INPUT DATA START

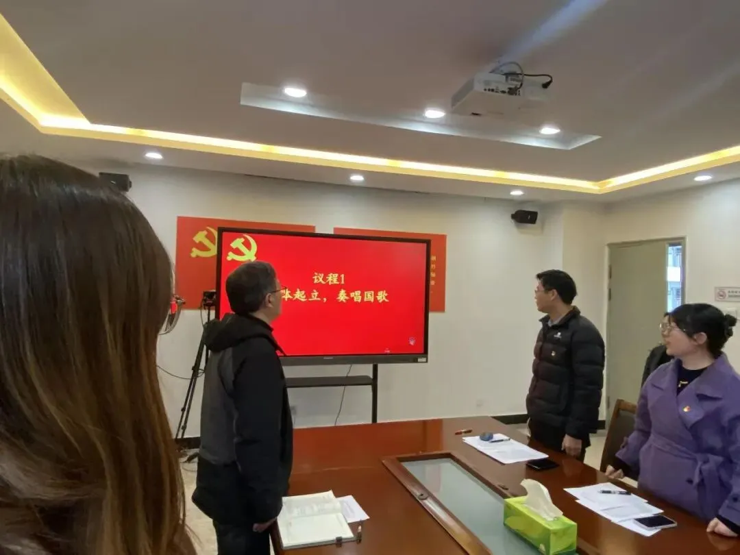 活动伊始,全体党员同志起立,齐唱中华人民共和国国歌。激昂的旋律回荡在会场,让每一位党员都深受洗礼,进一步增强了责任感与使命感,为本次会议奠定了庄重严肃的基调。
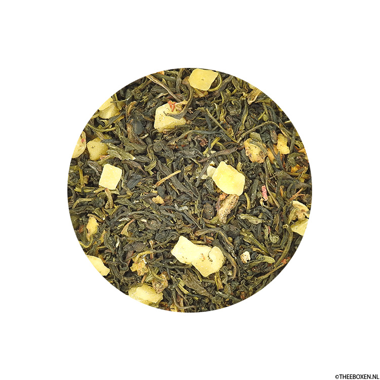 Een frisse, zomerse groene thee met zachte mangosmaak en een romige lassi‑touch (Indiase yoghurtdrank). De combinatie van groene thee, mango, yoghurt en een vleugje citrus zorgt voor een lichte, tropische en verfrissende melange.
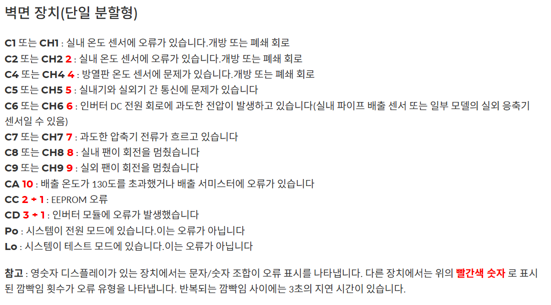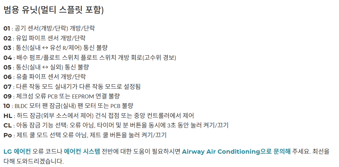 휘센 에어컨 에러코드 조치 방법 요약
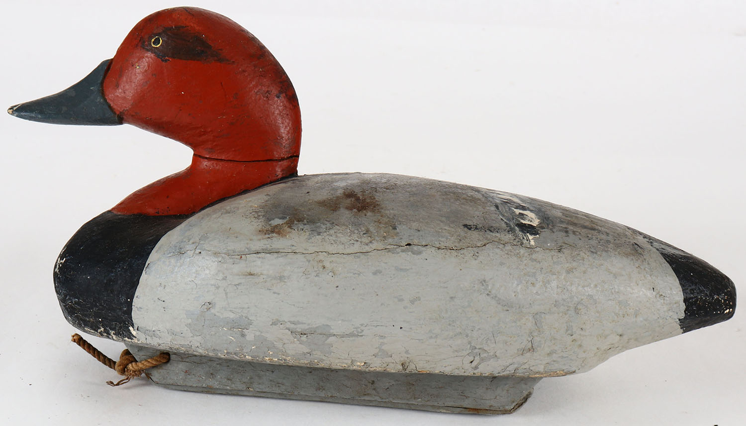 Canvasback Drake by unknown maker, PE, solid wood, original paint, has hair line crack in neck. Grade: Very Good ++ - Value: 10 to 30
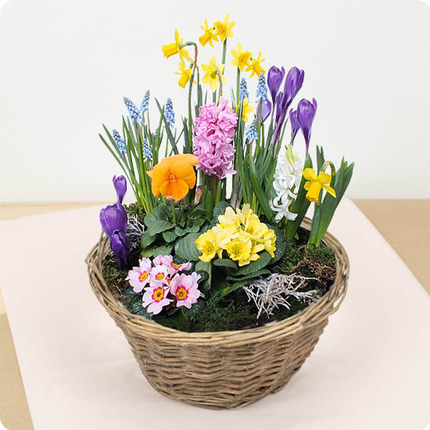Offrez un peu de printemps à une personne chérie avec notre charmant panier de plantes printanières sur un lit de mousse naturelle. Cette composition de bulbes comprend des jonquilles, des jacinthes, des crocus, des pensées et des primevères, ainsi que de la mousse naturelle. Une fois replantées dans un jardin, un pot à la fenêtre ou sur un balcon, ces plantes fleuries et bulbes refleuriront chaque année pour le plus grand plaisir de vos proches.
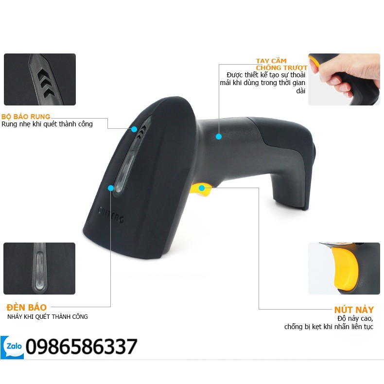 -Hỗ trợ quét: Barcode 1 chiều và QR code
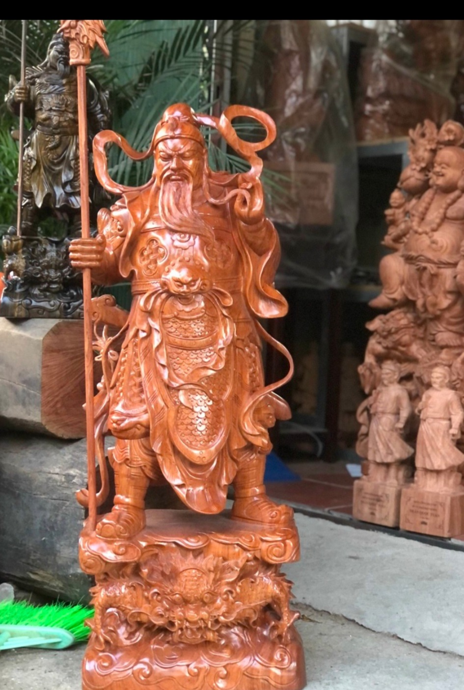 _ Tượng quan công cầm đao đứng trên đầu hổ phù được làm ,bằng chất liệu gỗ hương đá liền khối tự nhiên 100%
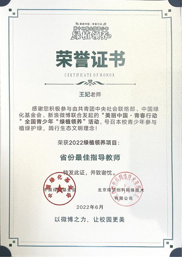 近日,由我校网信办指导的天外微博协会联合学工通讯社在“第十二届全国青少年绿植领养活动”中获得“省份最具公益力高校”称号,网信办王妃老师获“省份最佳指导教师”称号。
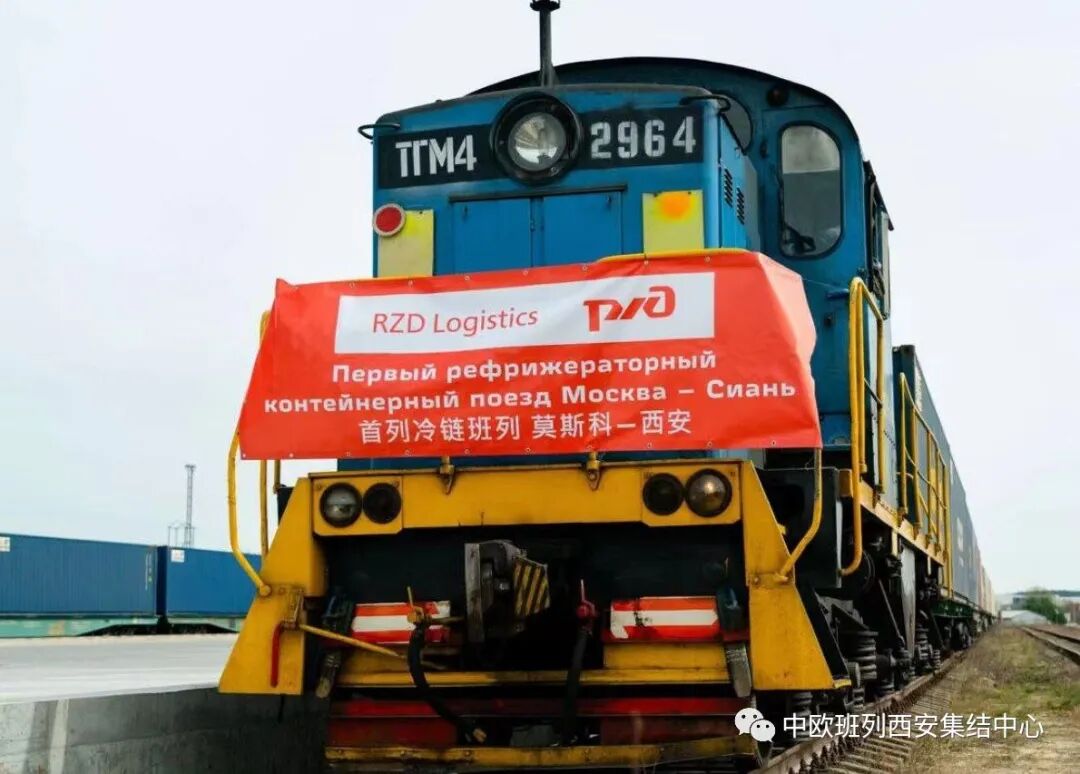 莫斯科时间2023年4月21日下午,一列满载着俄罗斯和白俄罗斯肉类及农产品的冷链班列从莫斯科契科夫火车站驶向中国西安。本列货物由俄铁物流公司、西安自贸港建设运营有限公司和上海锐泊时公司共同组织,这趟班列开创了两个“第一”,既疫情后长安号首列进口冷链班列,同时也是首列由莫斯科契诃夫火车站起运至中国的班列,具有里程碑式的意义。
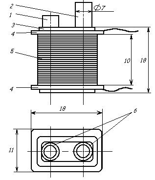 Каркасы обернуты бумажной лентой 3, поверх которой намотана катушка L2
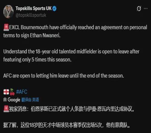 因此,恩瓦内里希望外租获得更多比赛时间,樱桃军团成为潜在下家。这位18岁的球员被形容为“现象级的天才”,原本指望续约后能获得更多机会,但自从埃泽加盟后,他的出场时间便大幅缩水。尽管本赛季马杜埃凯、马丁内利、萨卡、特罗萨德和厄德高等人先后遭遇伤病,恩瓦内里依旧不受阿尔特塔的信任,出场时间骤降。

INPUT DATA END

WORK INSTRUCTION – Give back the whole listing exactly, without pictures.

WRITTEN SOLUTION –
 活动伊始,全体党员同志起立,齐唱中华人民共和国国歌。激昂的旋律回荡在会场,让每一位党员都深受洗礼,进一步增强了责任感与使命感,为本次会议奠定了庄重严肃的基调。
 Een frisse, zomerse groene thee met zachte mangosmaak en een romige lassi‑touch (Indiase yoghurtdrank). De combinatie van groene thee, mango, yoghurt en een vleugje citrus zorgt voor een lichte, tropische en verfrissende melange.
 휘센 에어컨 에러코드 조치 방법 요약
 Canvasback Drake by unknown maker, PE, solid wood, original paint, has hair line crack in neck. Grade: Very Good ++ - Value: 10 to 30
Offrez un peu de printemps à une personne chérie avec notre charmant panier de plantes printanières sur un lit de mousse naturelle. Cette composition de bulbes comprend des jonquilles, des jacinthes, des crocus, des pensées et des primevères, ainsi que de la mousse naturelle. Une fois replantées dans un jardin, un pot à la fenêtre ou sur un balcon, ces plantes fleuries et bulbes refleuriront chaque année pour le plus grand plaisir de vos proches.
 -Hỗ trợ quét: Barcode 1 chiều và QR code
 _ Tượng quan công cầm đao đứng trên đầu hổ phù được làm ,bằng chất liệu gỗ hương đá liền khối tự nhiên 100%
 近日,由我校网信办指导的天外微博协会联合学工通讯社在“第十二届全国青少年绿植领养活动”中获得“省份最具公益力高校”称号,网信办王妃老师获“省份最佳指导教师”称号。
 莫斯科时间2023年4月21日下午,一列满载着俄罗斯和白俄罗斯肉类及农产品的冷链班列从莫斯科契科夫火车站驶向中国西安。本列货物由俄铁物流公司、西安自贸港建设运营有限公司和上海锐泊时公司共同组织,这趟班列开创了两个“第一”,既疫情后长安号首列进口冷链班列,同时也是首列由莫斯科契诃夫火车站起运至中国的班列,具有里程碑式的意义。
 Каркасы обернуты бумажной лентой 3, поверх которой намотана катушка L2
 因此,恩瓦内里希望外租获得更多比赛时间,樱桃军团成为潜在下家。这位18岁的球员被形容为“现象级的天才”,原本指望续约后能获得更多机会,但自从埃泽加盟后,他的出场时间便大幅缩水。尽管本赛季马杜埃凯、马丁内利、萨卡、特罗萨德和厄德高等人先后遭遇伤病,恩瓦内里依旧不受阿尔特塔的信任,出场时间骤降。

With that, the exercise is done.